April 22, 2021: Happy Earth Day! Spotlight on PAPYRUS; Context for Poem “Hamartia”; & Garden Update

Papyrus, is, of course, where we get the English word near and dear to the hearts of all readers and writers: paper!

Emily Dickinson famously wrote, in her poem known as #1286,

There is no Frigate like a Book
To take us Lands away,
Nor any Coursers like a Page
Of prancing Poetry – 
This Traverse may the poorest take
Without oppress of Toll – 
How frugal is the Chariot
That bears a Human soul.

It was in reading this (well researched, pointed, and gracefully written) book on the glorious past and exciting future of the papyrus plant that I learned that in a near-treeless country, it was papyrus that allowed Ancient Egyptians to construct their first vessels to navigate people, animals, and goods up and down hundreds of miles of the Nile River, as well as to create the papyrus scrolls–and and international market for the papyrus medium, precursors to the books we treasure today.

Environmentalist Gaudet suggests that just as the papyrus changed the course of history (and allowed us to record, and, therefore, have a sense of history as a species) this reed plant could be of great service to humanity and other life forms in allowing us a cleaner, more biodiverse, and water-rich future. (His website, www.fieldofreeds.com, has much more information, including video clips.)

Papyrus Book Mark

Regarding the Poem “Hamartia”:

This poem, as you might surmise, is ripped from today’s New York Times headlines–climate accords, ambitious carbon reduction targets, and new information about the primordial feature of the universe, the Black Hole.
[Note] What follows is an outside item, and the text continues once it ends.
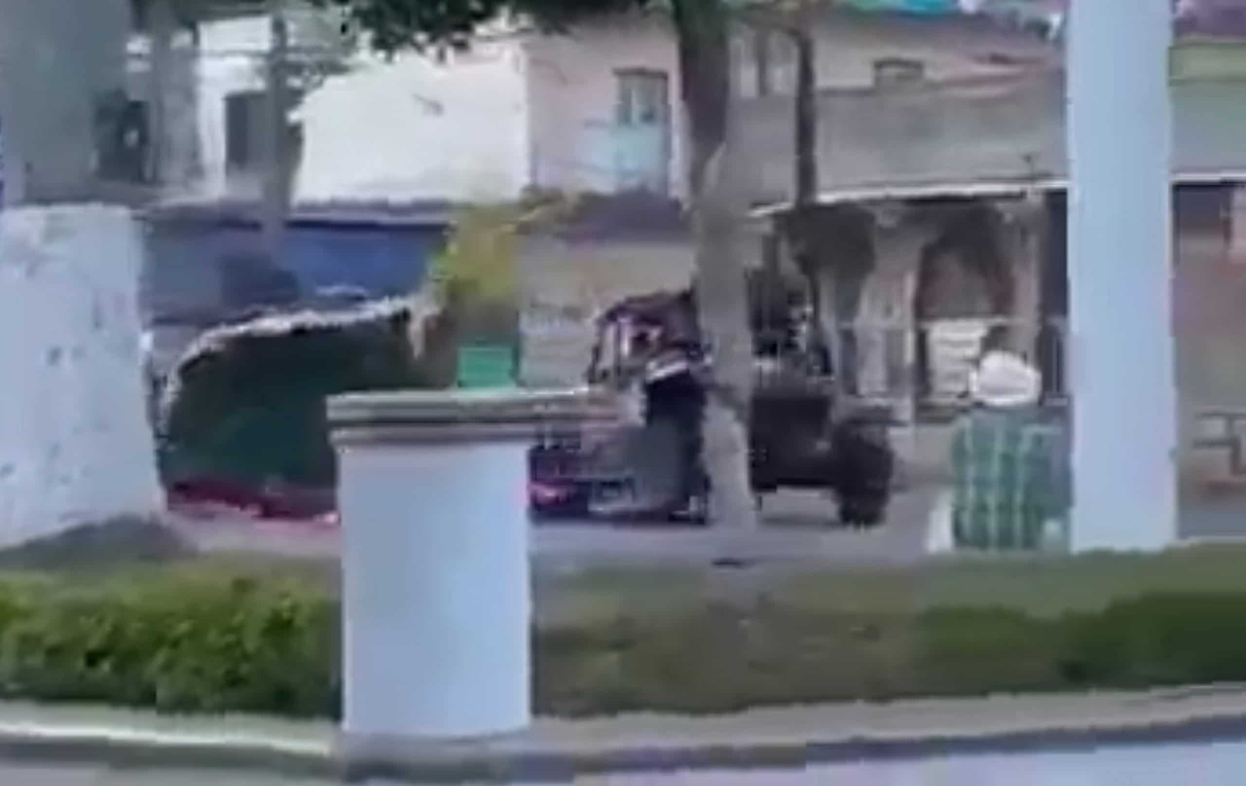 En video quedo captado el momento en que el sujeto conduce de forma temeraria sobre la zona peatonal, en reversa y sin miramientos. Además se centra frente al árbol de Navidad y con buena velocidad lo choca para derribarlo.

All this made me think about the literary idea of the tragic flaw, usually applied to a heroic individual, and wonder about it collectively, wonder if it is woven into the fabric of the universe itself, and, if so, what might we do with that? Tomorrow, I think, to balance out, I shall have to condense my gaze into a haiku on a dandelion.

(Thank you to those who elected to receive this year’s April poems via email! Knowing you are there is enormously helpful as I write new work. I appreciate the chance to share without technically publishing, so that I will have the option later to revise and send this new work to literary journals. If you are not receiving the poems but would like to, let me know, and I will add you to the list.)

Garden Update:

Since April 1st, there has been lots of action in the garden, and more will come before my final garden update on April 30, so I thought I would share a few of the highlights now. (For those of you outside of Minnesota, now that we have had weather that veers from 70+ degrees Fahrenheit to below freezing, with sun, wind, rain, and snow (sometimes all in the same day.) These garden denizens are not only beautiful, they are brave and hardy. It will be May 15 (as recommended by Patricia Hampl in her Romantic Education — her father own a greenhouse in St. Paul) before we dare set out the plants we have wintered over and fill in pots with new annuals.

Early April
My rain gauge from Seed Savers!
Peanut’s resting place
White scilla, planted last year. A successful experiment! We plan more for this fall’s planting.
Bloodroot along the north side of the house
Wild ginger and their shy, brick-pink flowers
Karla’s “Golden Princess” spiraea interplanted with volunteer scilla in the front garden
Sally’s “Elizabeth Barrett Browning” daffodils
The first dandelion is always charming and welcome
View east to the neighbors across the street
Downtown Northfield, from Bridge Square, looking east

Until tomorrow, “Happy Earth Day, wherever on Earth you are!”

LESLIE

April 21, 2021: Spotlight on WILLIAM & DOROTHY WORDSWORTH: ALL IN EACH OTHER; Poem “Homesick”; and Context for the Poem “Icy Botany”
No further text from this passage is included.